Exercise brief:
Pictures should be left out while the data beneath this task is written out word for word.

Stored data:
+ + + + + + +
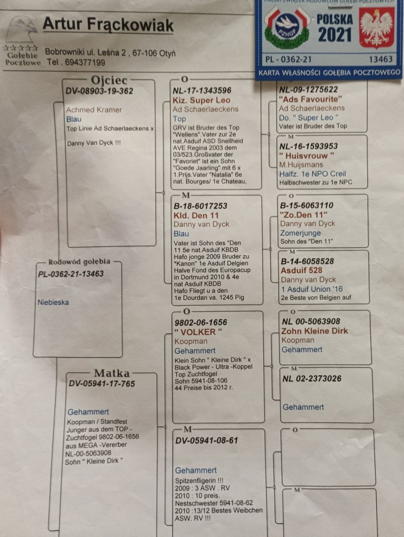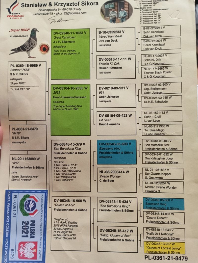 więcej info.w rodowodzie i na stronie Benzing Live. oneloftrace.live/lofts/260?season=2458&tab=flights
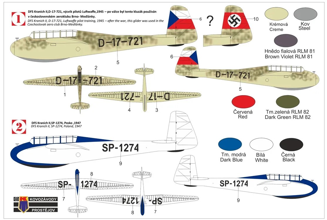 KOVOZAVODY PROSTEJOV - 1/72 DFS Kranich II. 2x camouflages
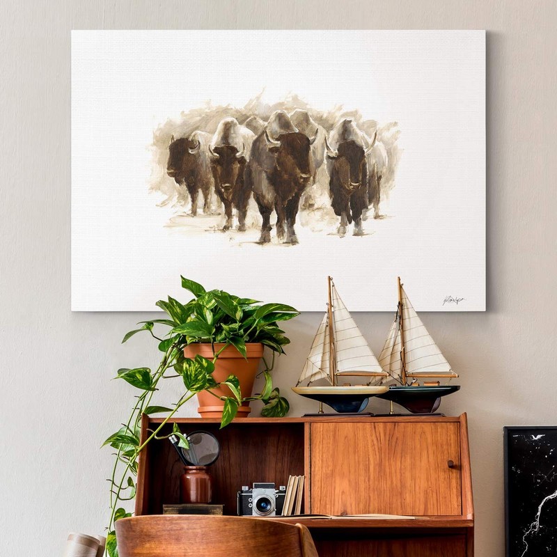 Renditions Gallery Brown Bison II Wall Art, Herd of Bisons, Shades of Brown on White, Painting Print, Premium Gallery Wrapped Canvas Decor, Ready to Hang, 12 In H x 18 In W, Made in America Print
+ + + + + + +
Answer for this exercise:
 więcej info.w rodowodzie i na stronie Benzing Live. oneloftrace.live/lofts/260?season=2458&tab=flights
 KOVOZAVODY PROSTEJOV - 1/72 DFS Kranich II. 2x camouflages
 Renditions Gallery Brown Bison II Wall Art, Herd of Bisons, Shades of Brown on White, Painting Print, Premium Gallery Wrapped Canvas Decor, Ready to Hang, 12 In H x 18 In W, Made in America Print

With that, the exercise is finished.